O'Callaghan, originally from Melbourne and married to a Solomon Islander, spoke of her own learning curve since moving to the Solomon Islands twenty years ago. Australians have a pyramid-shaped communications style: 'we start with the headlines, and then, if there is space, we explain why we have come to that conclusion'. With Solomon Islanders, as with many indigenous peoples, the pyramid was inverted, and it takes time – sometimes days – before the heart of the matter is reached. 'It's all about building a context' she said. Australians frequently didn't give enough space to really understand.

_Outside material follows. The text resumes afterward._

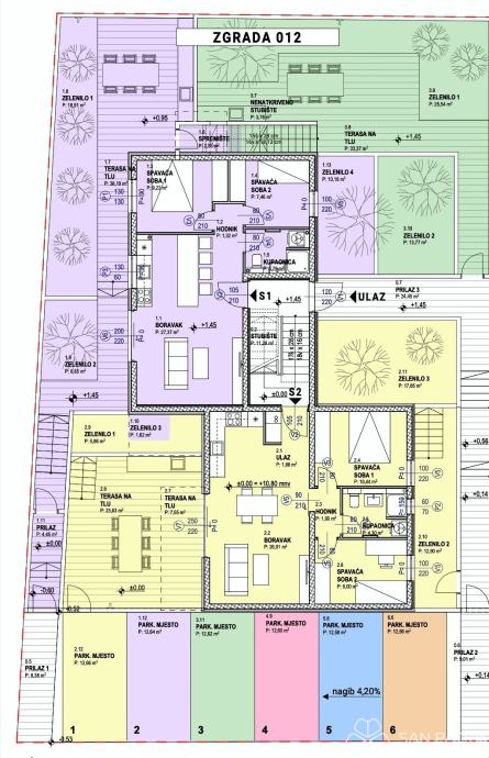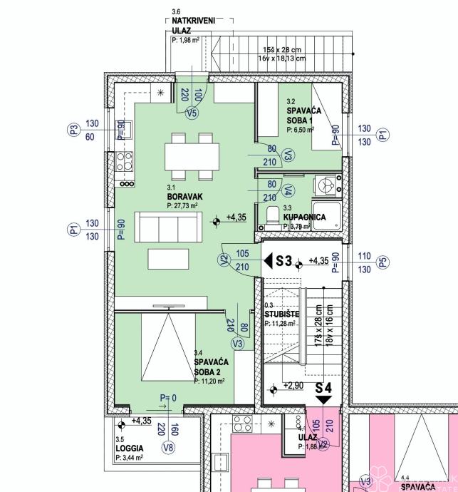 Stan S3 - 1. kat - stambena površina 49,22 m2 (2 spavaće sobe + kupaonica) + lodja (3,44 m2) + dvorište i terasa u prizemlju s vanjskim bazenom 3x7m (72,67 m2) + vanjsko parking mjesto PM3, ukupna neto površina 66,08 m2 = 285.000 EUR (cijena s uključenim PDV-om)

At the same forum, leading Muslim commentator Waleed Aly spoke of the need to overcome our ego-centricity if we were to live with diversity. 'Most of us, if we are really honest, believe the world would be a better place if only everybody else was just like me'. This assumption made us 'hard-wired for conflict'. An example of this was the attempt to introduce American-style secular democracy in Iraq. This form of government evolved as a result of European struggles to free themselves from the tyranny of religion and religious wars. 'Most people in the Middle East are conditioned by a different history where secular regimes have been the oppressors and religion is seen as liberation.'

Asked if he thought the Australian Government would 'play the fear card' on Muslims at the next election, Aly said he thought it was already happening but that we needed to look beyond the next election and work to overcome fear over the next 20 years. 'The best way I know to overcome prejudice is one-on-one conversations. There's only about 300,000 Muslims in Australia. That's not enough to go around.'

The conference continues until Tuesday 16th, exploring issues of living with cultural diversity, resolving historical divisions and dealing with corruption as an underlying factor in many tensions between neighbours.